代名詞で示すだけでも、葵にとっては恥ずかしかった。思わず顔を赤くして目をそらす。
「・・・そうか」
勇人は先ほどのような不敵な笑みは浮かべていなかった、どこか寂しげな瞳で葵を見つめる。
────え?
葵は唖然とする。会ってからずっと不敵に笑い自分をおちょくっていた相手が、いきなりそんな顔をするから。
「いや・・・そ、そんなに落ち込むなよ・・・な?」
何故勇人にそんなことを言ったのか、葵自身にも分からなかった。
けれど勇人が寂しげな顔をしているのは、葵はなんとなく嫌だった。

だが、葵の心配とは裏腹に勇人はすぐに人の悪い笑みを取り戻した。ニヤリの口の端をあげる。
「今はそれでいい・・・これからお前が俺のことを好きになればいいだけの話だしな」
そう言って勇人は葵の顎をとり、クイッと自分のほうへ顔を向かせる。
「言っただろう、お前は俺の物だってさ。坂上葵、お前は誰にも渡さない・・・勿論、お前自身にも」
そう言って勇人は葵の唇に自分のそれを重ねた。
「!? お、おまっ・・・ぁっ!」
葵が口を開けた瞬間、勇人はそこに自身の舌を入れる。そしてそのまま葵の口内を掻き回す。
息ができなくて苦しくなった葵は、乱暴に勇人の肩を叩く。だが酸素が足りなく頭がボーッとしているせいかその力は弱かった。
勇人が唇をそっと離すと、二人の間を銀色の糸が繋ぐ。
「く、苦しっ・・・はぁ、はぁ」
やっと取り込めた酸素にむせ返りながら、葵は頬を上気させて肩で息をする。
「ずっと息止めてないで、鼻で呼吸すればいいだろ」
しれっと言いのける勇人の言葉に、葵はつい「あぁ、なるほど!」と手を叩く。
だがすぐに「じゃなくて!!」と反論しだした。
「問題はそこじゃないだろっ!? なんでいきなり・・・その、すんだよ!!」
「あぁ、そういえばキスは初めてだったんだっけか。じゃあ息できないのも納得いくな」
「会話をしろよ! 俺の話を聞けよ!!」
顔を真っ赤にしたまま「この変態! 色魔! 人の話聞け! 俺は俺のもんだ! バカヤロー!!」と並べられるだけの暴言を並べて、葵はその場を走り去っていった。


取り残された勇人は、無表情で口を拭う。
一部始終を見ていた生徒たちは全員石のように固まっていた。
だが、ようやく平常心が取り戻せた生徒たちが勇人の近くに集まってくる。
勇人は食堂にいた数十人に一気に囲まれる形となった。
「浅田君! あれはいったい・・・!? 浅田君は俺の物なんじゃないの!?」
「勇人君!? なんであんな転校生にキスなんて!? しかも深いやつ!!」
「ちょっと可愛いからって、あの転校生にあんなことしなくても!! 勇人には俺がいるじゃん!」
「浅田は俺のだよ、勘違いすんな!!」

小柄な生徒たちが次々と勇人を取り囲み、口々にそんなことを言い出す。
「俺は俺の好きなことをするまでだ、あいつは必ず俺のものにする」
それだけ言い残すと、勇人は食堂を後にした。後ろからは勇人を呼ぶ声が聞こえるが、勇人は全く反応を示さなかった。

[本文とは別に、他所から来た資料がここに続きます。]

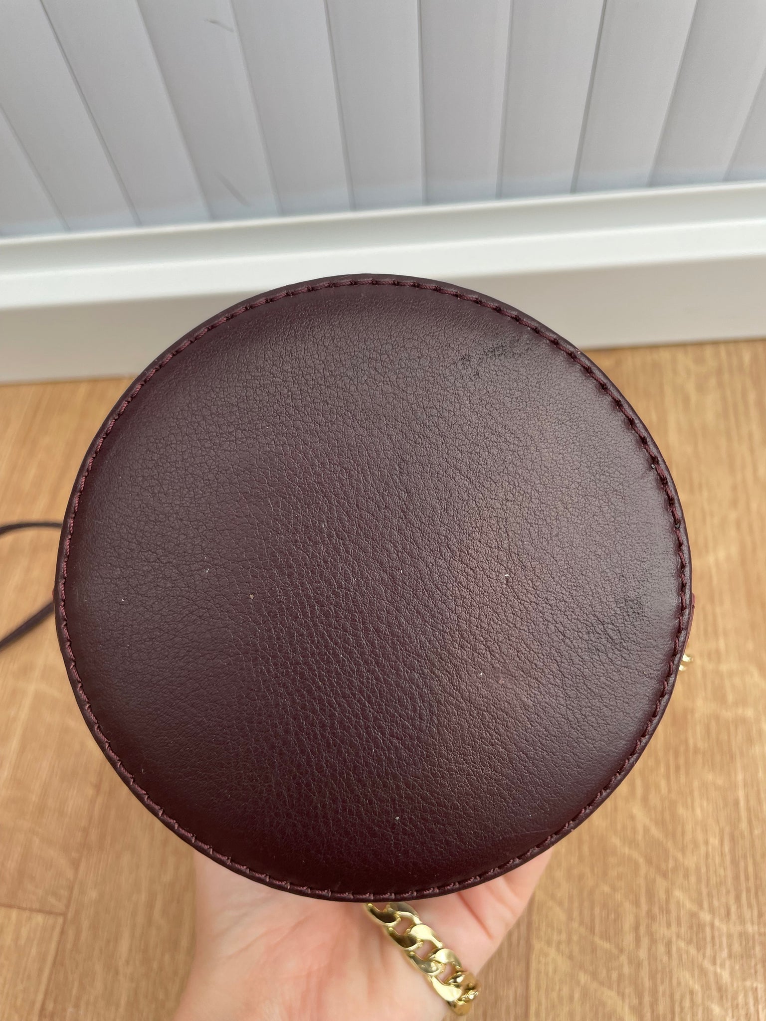- Round shaped rigid bag with a deep pink velvet top secured by a drawstring fastening
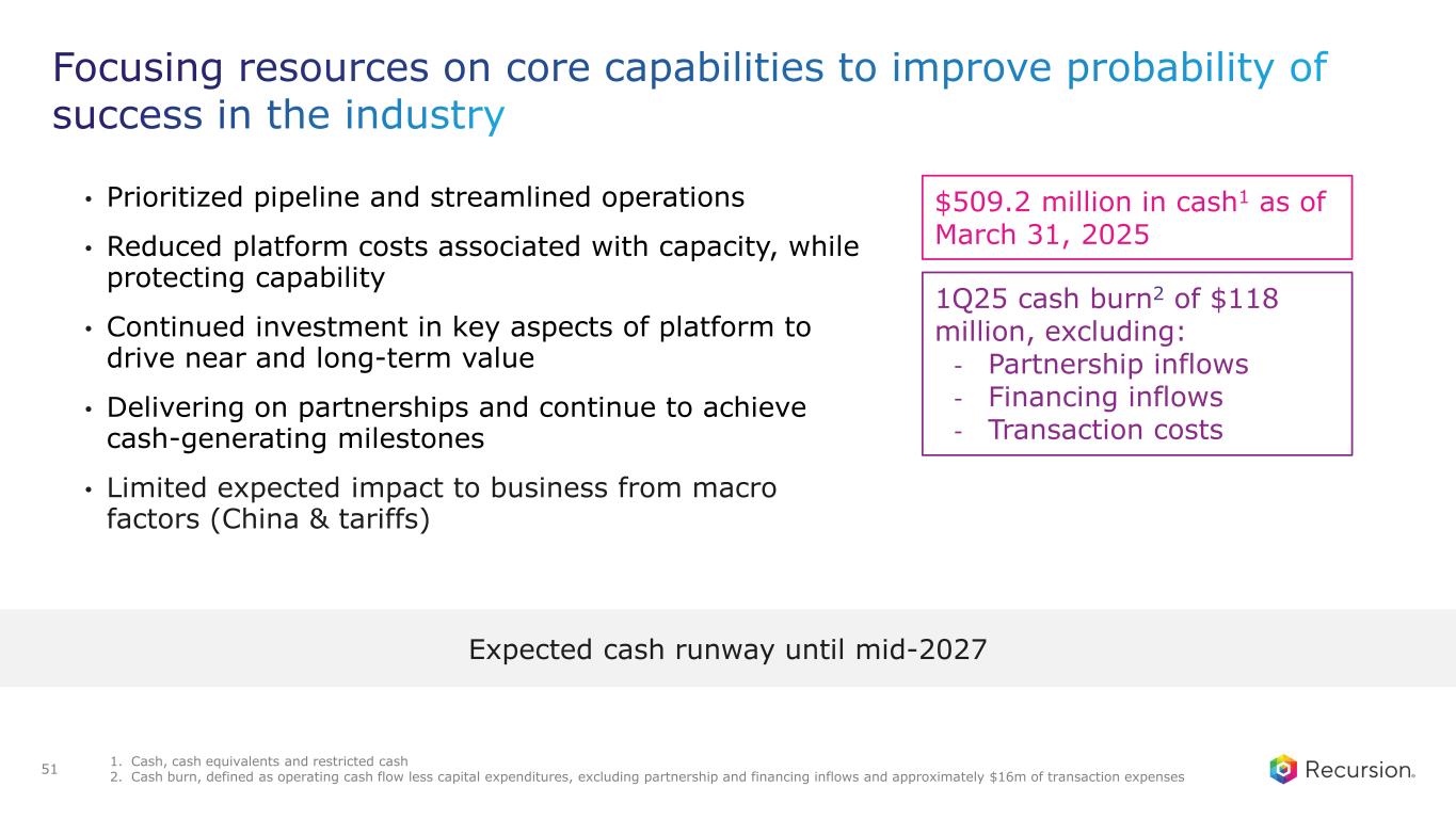 • Prioritized pipeline and streamlined operations • Reduced platform costs associated with capacity, while protecting capability • Continued investment in key aspects of platform to drive near and long-term value • Delivering on partnerships and continue to achieve cash-generating milestones • Limited expected impact to business from macro factors (China & tariffs) $509.2 million in cash1 as of March 31, 2025 1Q25 cash burn2 of $118 million, excluding: - Partnership inflows - Financing inflows - Transaction costs Expected cash runway until mid-2027 1. Cash, cash equivalents and restricted cash 2. Cash burn, defined as operating cash flow less capital expenditures, excluding partnership and financing inflows and approximately $16m of transaction expenses 51
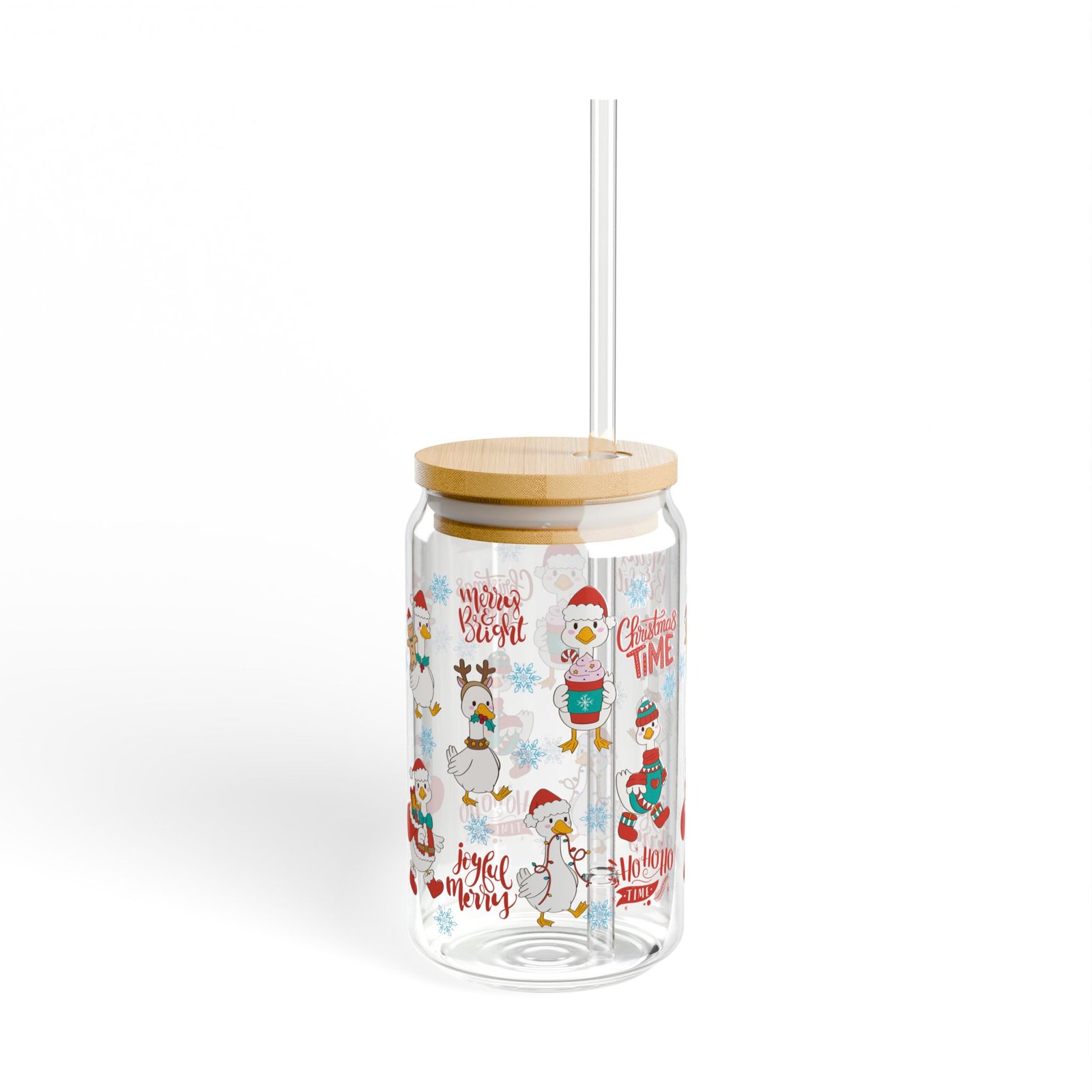 Add a touch of festive fun to your drinkware collection with this Christmas Goose Glass Tumbler. Featuring a whimsical design of geese in holiday attire, this 16oz glass tumbler is perfect for enjoying your favorite cold beverages during the holiday season. It’s a cheerful addition to your Christmas celebrations and a great gift for those who love cute and quirky holiday-themed items.
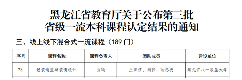 《包装造型与装潢设计》课程在学院的大力支持下,课程负责人曲颖和团队成员王洪江、刘伟、耿忠德老师在2019年完成校级慕课建设,并在泛雅平台上线,2020年在学银在线平台上线,2022年完成本课程校级 “课程思政”建设项目,2023年在国家高等教育智慧教育平台上线。并在2023年被评为黑龙江省第三批省级线上线下混合式一流本科课程。同年《包装造型与装潢设计》课程被遴选为黑龙江省食品科学与工程领域地方高校“101计划”基础学科和“四新”关键领域核心课程的建设课程。
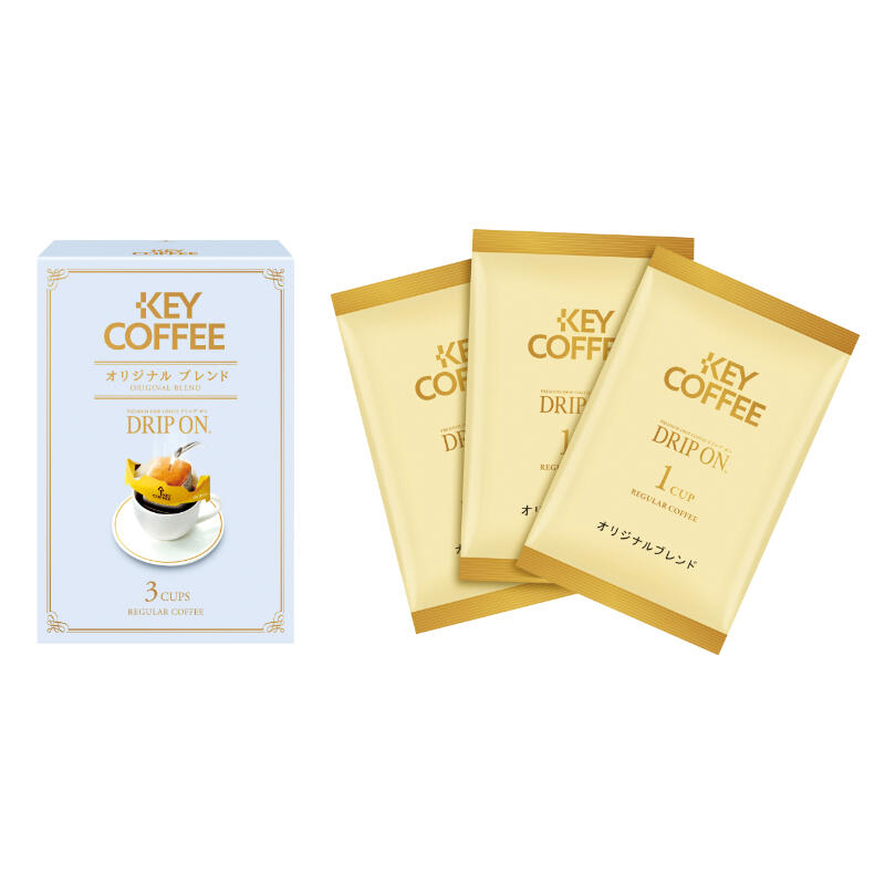 挽きたての香りと格別なおいしさをお届けするプレミアムドリップコーヒー「ドリップ オン」。使いやすく、ちょっとした贈り物、記念品や景品へのご利用にも便利です。
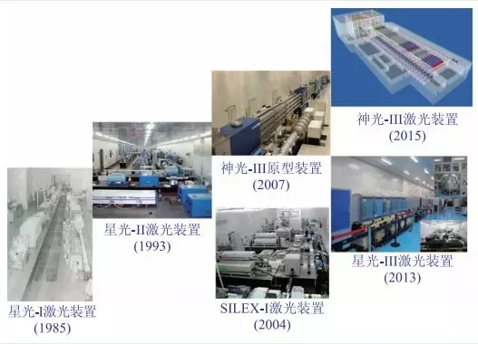 中物院也先后研制了多臺(tái)激光裝置,如圖 2所示。以激光技術(shù)的特點(diǎn)區(qū)分,這些裝置可分為以星光-I、星光-II、神光-III 原型和神光-III 激光裝置為代表的高功率激光技術(shù)和以 SILEX-I和星光-III 激光裝置為代表的超短超強(qiáng)激光技術(shù),多臺(tái)裝置的研制實(shí)現(xiàn)了中國(guó)高功率固體激光技術(shù)研發(fā)歷程中兩次重要“突破”。
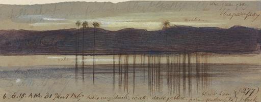 | Keywords: Edward Lear - Philae, 6-00-6-15 am, 31 January 1867 (277) - Google Art Project.jpg  Inscribed in brown ink lower left 6-6 15 AM 31 Jany 1867 hills very dark water darkly blue black hair palms feather like 277 black ; in brown ink upper right blue green gray blue green gray Not on View Watercolor with pen in brown ink over graphite on moderately thick moderately textured gray wove paper reflection sunrise palm trees water river landscape special url_id XwE5Owv5vdePEw PD-old-100-1923 1888 Egypt by Edward Lear Philae in art Google Art Project works by Edward Lear |
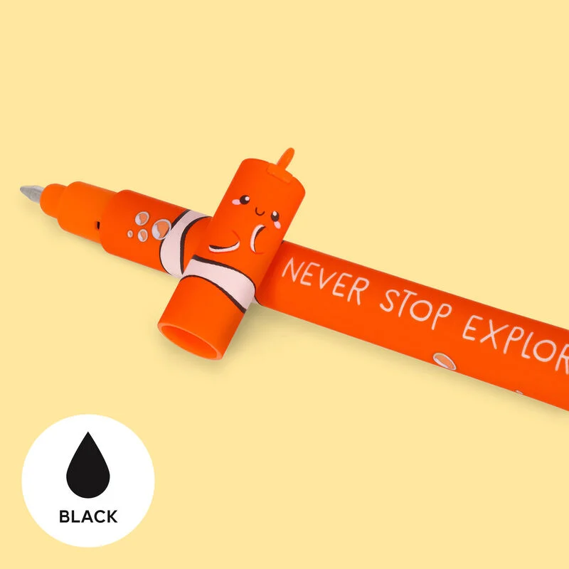Preparati a ogni refuso con il Set di 3 Penne Gel Cancellabili Under the Sea con Sea Turtle, Clownfish e Seahorse di Legami, con inchiostri turchese, nero e viola. Scrivi, cancella e scarabocchia tutte le volte che vuoi: grazie all’inchiostro termosensibile non devi buttare il foglio, e gli alberi ringraziano!
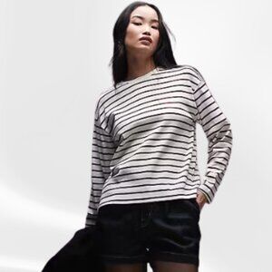 MNG Mango Classic Striped Long Sleeve Tee Small Cream Burgundy Nautical Chic EUC
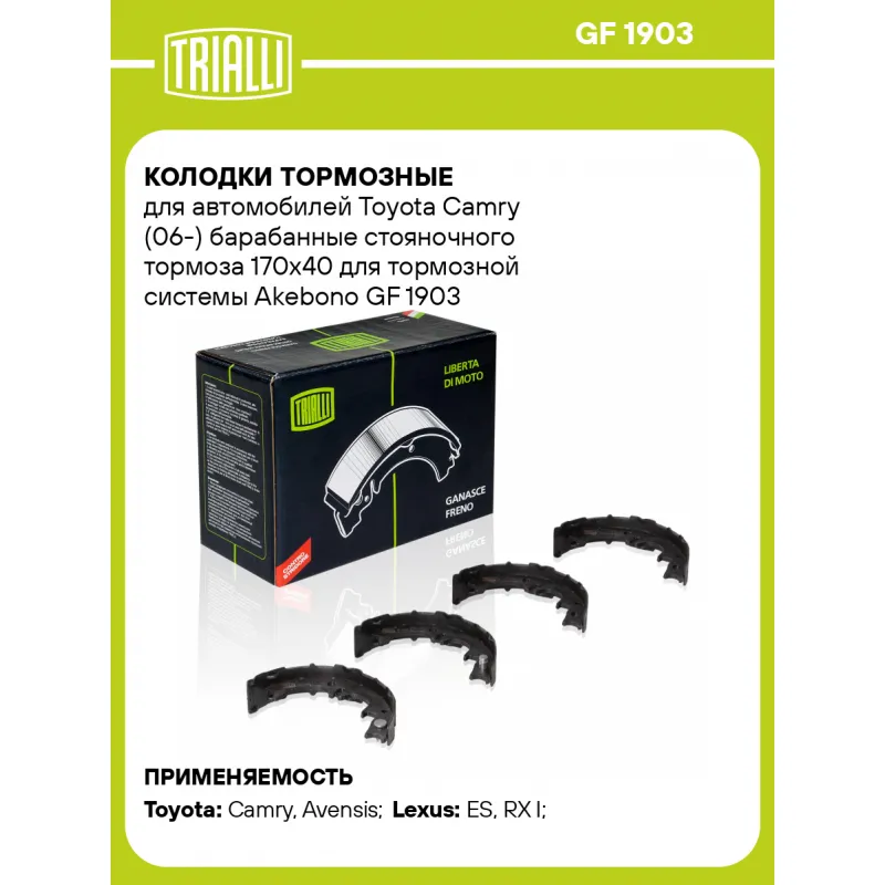 Колодки тормозные для автомобилей Toyota Camry (06-) барабанные стояночного тормоза 170x40 для тормозной системы Akebono Характеристики: Артикул: GF 1903 OEM номера: 4654020020, 4654033010, 4655020060, 4659033010, 4655020020, 4655020040, 4654020040, 4659020040, 4659020020, 4654007010, 4654020060, 4659020010, 4655033010, 4655020010, 4654020010, 4659020060, 4659033020, 4655033020, 4654020070 Гарантийный срок: 1 год / 30 000 км Сторона установки: Задняя ось Количество на автомобиль: 1 Ширина, мм: 40 Особенности конструкции:: Стояночная тормозная система Диаметр, мм: 170 Тормозная система: Akebono Товарная линейка: BLACK Подходит для авто: Toyota Camry (06-), Camry (06-), Camry (96-), Camry (01-), Avensis (97-), Avensis (97-), Camry (01-) Lexus ES (91-), ES (01-), RX I (97-) Для проверки применяемости отправьте VIN автомобиля через вкладку "Есть вопросы о товаре?" Комплектация: Колодка тормозная - 4 шт Гарантия: от 1 года.

「(葵に暴言を吐かれたいわけでは無い・・・なのにどうして、俺はあんな乱暴な真似をしたんだろう)」
勇人は今になってから自分のしてしまった行動にため息をついていた。
────本当は、単に葵に笑っていてほしいだけなのに・・・
またしても勇人は大きなため息をつくのだった。


*


食堂から戻ってきてから、葵は教室の机に突っ伏していた。
「(意味分かんねぇ・・・あいつ、なんで俺にあんなこと・・・)」
悶々と考えていると、ふと頭を誰かに軽く小突かれた。
葵はムスッとした顔で見上げて見れば、それは彰人だった。
「ラブラブしてきた?」
「誰がっ!!」
彰人の質問に、ハンッと鼻を鳴らしながら葵はそっぽを向く。そんな葵に彰人は肩を竦めた。
「浅田君は、単に葵君のことが好きなだけだよ? そんなに邪険に扱わなくてもいいじゃん?」
「けれどさ、あいつ2回もキスすんだぞ!? しかも無理矢理だ!!」
葵の言葉に彰人は「へぇ〜」と含みを持つように相槌をうつ。
「キスしたんだ、ふ〜ん?」
ニヤニヤしながら頷く彰人に、葵は顔を赤くして顔を背ける。

「まあそれより・・・葵君は気をつけないといけないかもね」
彰人がふと真面目な顔で葵に向き合う。
「気をつけるって、何に?」
葵は可愛らしく首を傾げて、彰人に尋ねる。
彰人は「あれ、見て」と言って、5人程の小柄な男子生徒の集団を指差してみせる。
葵は首を傾げながらも、その集団のほうへ視線を移す。そして会話内容を聞いてみた。

「え!? それってマジ話?」
「本当だよ。浅田が転校生の坂上とキスしたんだって」
「やっぱり本当なんだー・・・」
その集団の中には先ほど食堂で勇人を取り囲んでいた生徒達と同じ顔ぶれもいた。
彼らはどうやら噂話に花を咲かせているらしい。
しかもその噂の中心である人物は、勇人と葵のようだ。
葵はその集団をただ呆然と眺めていた。
すると集団の一人が葵の視線に気づき、次の瞬間キッと葵のことを睨みつける。
その集団の他の生徒も、葵へとキツイ視線を送る。

「こ、怖っ!! 何、あいつら!!」
たまらなくなり、葵は涙目で彰人の肩をゆする。
「浅田君の取り巻き・・・ってやつかな?」
「と、取り巻き!?」
聞きなれない単語に葵は頓狂な声をあげる。
「ルックスはもちろん高ポイント。しかも運動神経抜群、おまけに秀才と・・・浅田君、オールマイティーなんだよね。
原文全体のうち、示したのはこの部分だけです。